> **Work task**: Leaving out the images, reproduce every line of the data that follows exactly.

> **Given material**:
◇ ◇ ◇
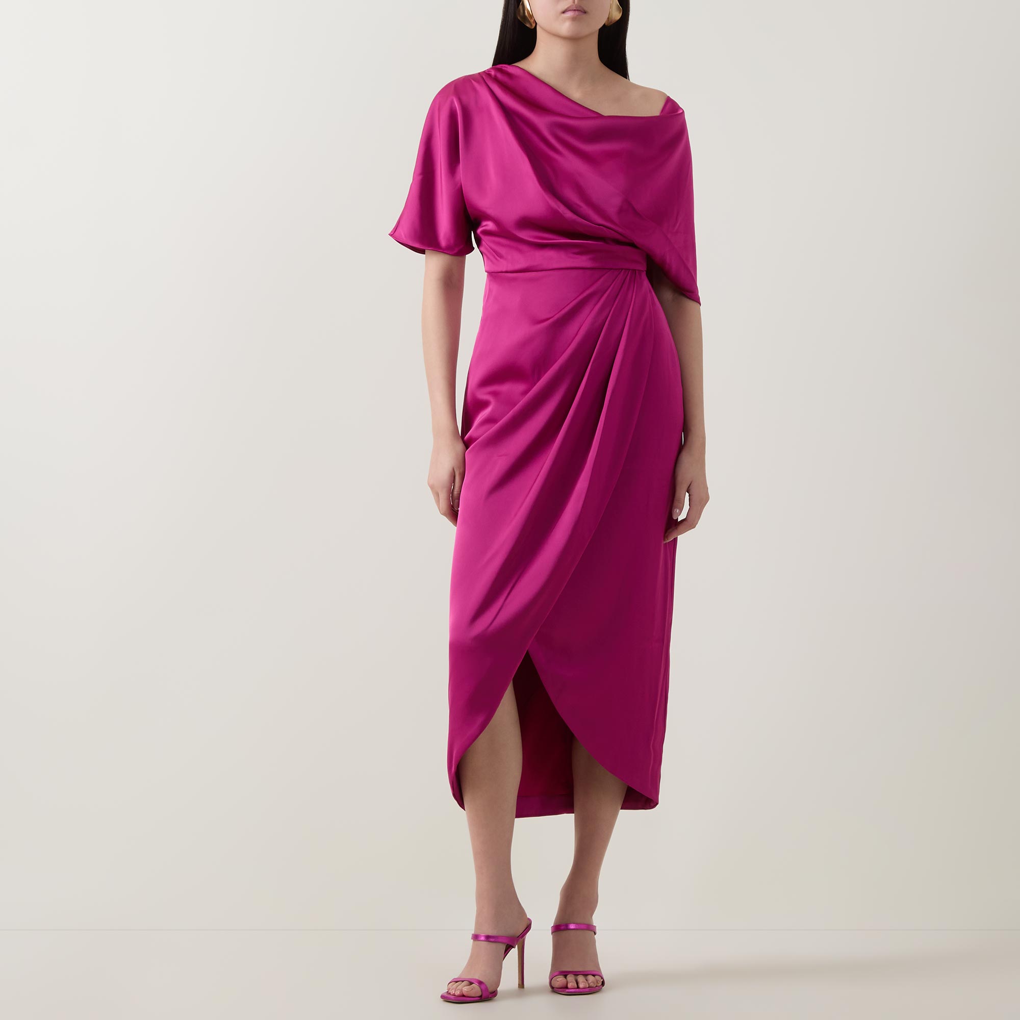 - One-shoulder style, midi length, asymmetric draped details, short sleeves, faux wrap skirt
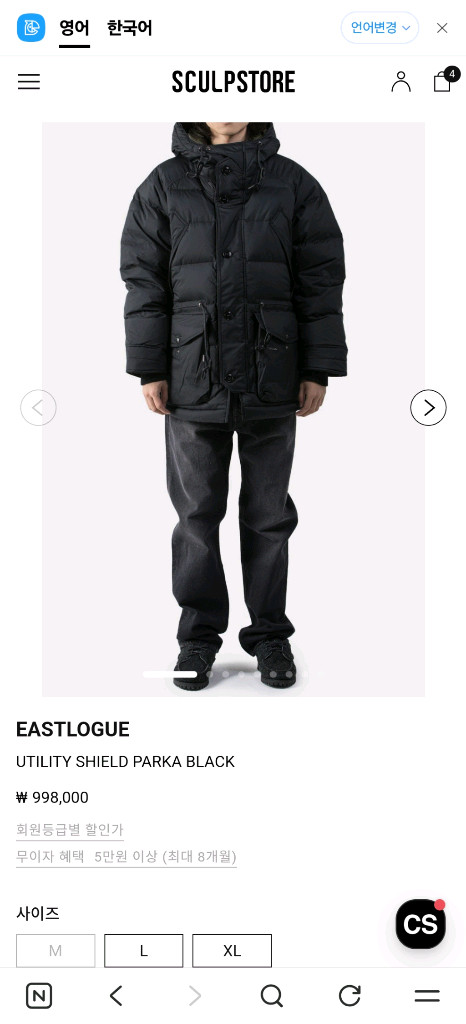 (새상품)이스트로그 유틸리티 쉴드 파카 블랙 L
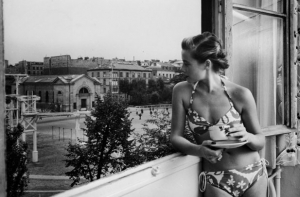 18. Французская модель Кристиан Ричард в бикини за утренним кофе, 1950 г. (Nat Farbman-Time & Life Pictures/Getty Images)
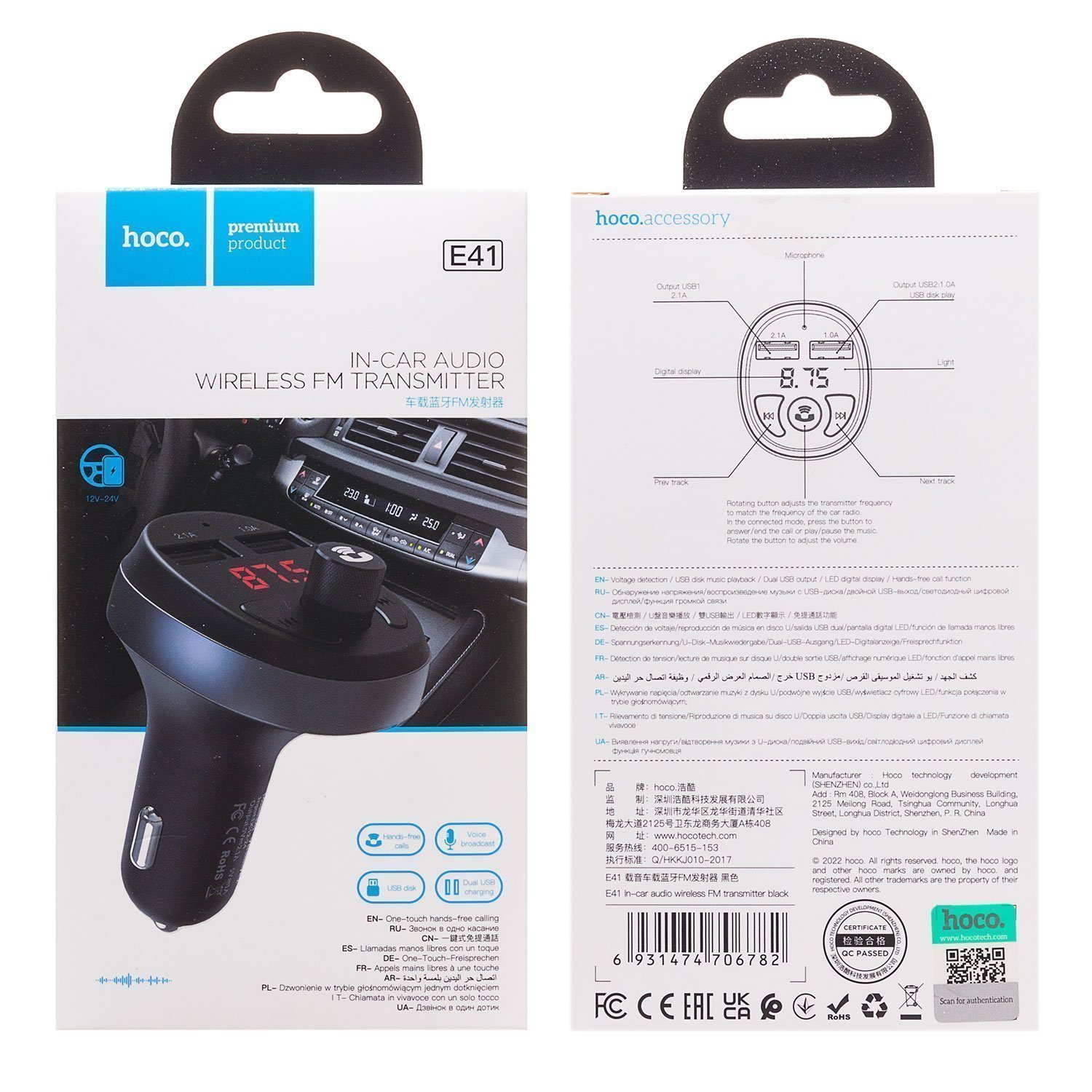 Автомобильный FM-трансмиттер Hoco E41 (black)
◇ ◇ ◇
> **Reply**:
 - One-shoulder style, midi length, asymmetric draped details, short sleeves, faux wrap skirt
 (새상품)이스트로그 유틸리티 쉴드 파카 블랙 L
 18. Французская модель Кристиан Ричард в бикини за утренним кофе, 1950 г. (Nat Farbman-Time & Life Pictures/Getty Images)
 Автомобильный FM-трансмиттер Hoco E41 (black)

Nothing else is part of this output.